▶ [Exercise brief]: Please repeat the listing below exactly, but do not include its pictures.

▶ [Data shown]:

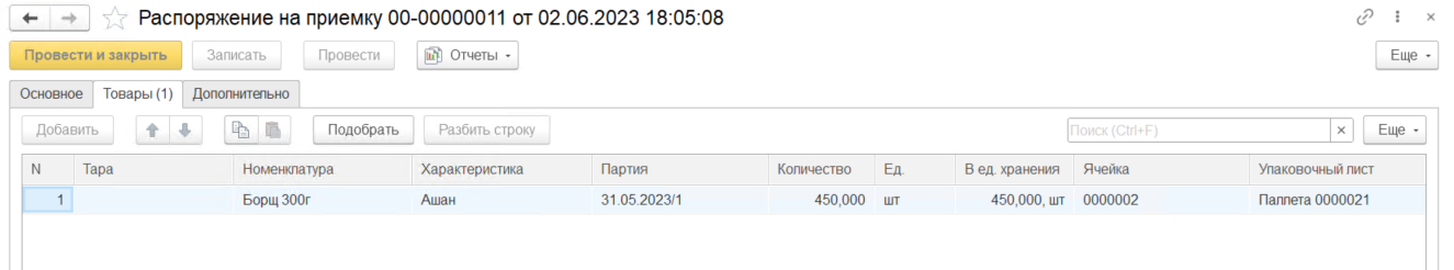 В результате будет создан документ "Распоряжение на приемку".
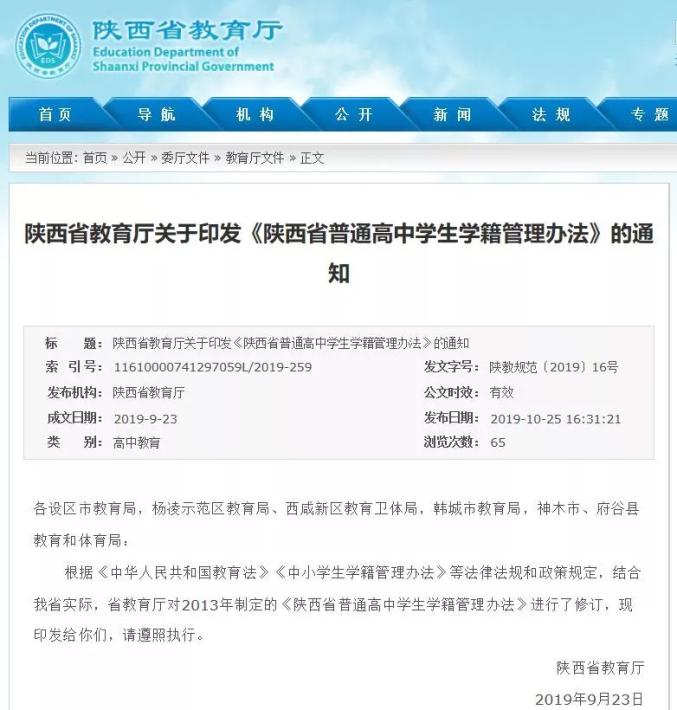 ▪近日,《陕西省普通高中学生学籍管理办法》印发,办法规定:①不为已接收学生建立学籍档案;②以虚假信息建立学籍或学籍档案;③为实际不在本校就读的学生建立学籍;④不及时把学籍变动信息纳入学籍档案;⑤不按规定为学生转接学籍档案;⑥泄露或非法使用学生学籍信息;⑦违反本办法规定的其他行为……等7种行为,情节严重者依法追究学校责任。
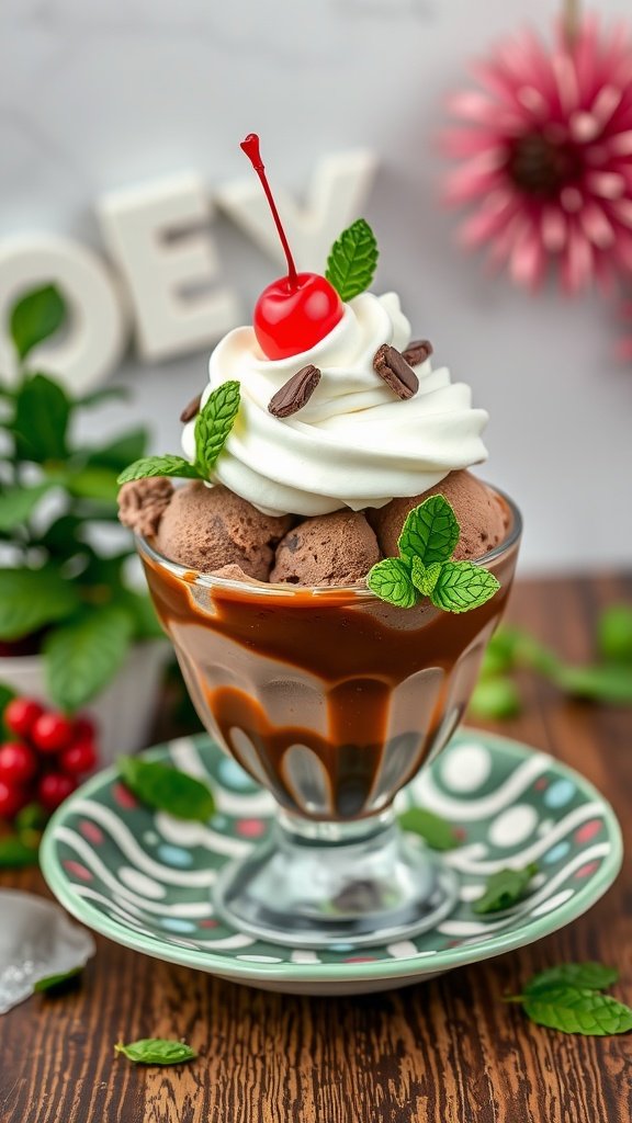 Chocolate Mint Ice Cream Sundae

▶ [Reply to the exercise]:
 В результате будет создан документ "Распоряжение на приемку".
 ▪近日,《陕西省普通高中学生学籍管理办法》印发,办法规定:①不为已接收学生建立学籍档案;②以虚假信息建立学籍或学籍档案;③为实际不在本校就读的学生建立学籍;④不及时把学籍变动信息纳入学籍档案;⑤不按规定为学生转接学籍档案;⑥泄露或非法使用学生学籍信息;⑦违反本办法规定的其他行为……等7种行为,情节严重者依法追究学校责任。
 Chocolate Mint Ice Cream Sundae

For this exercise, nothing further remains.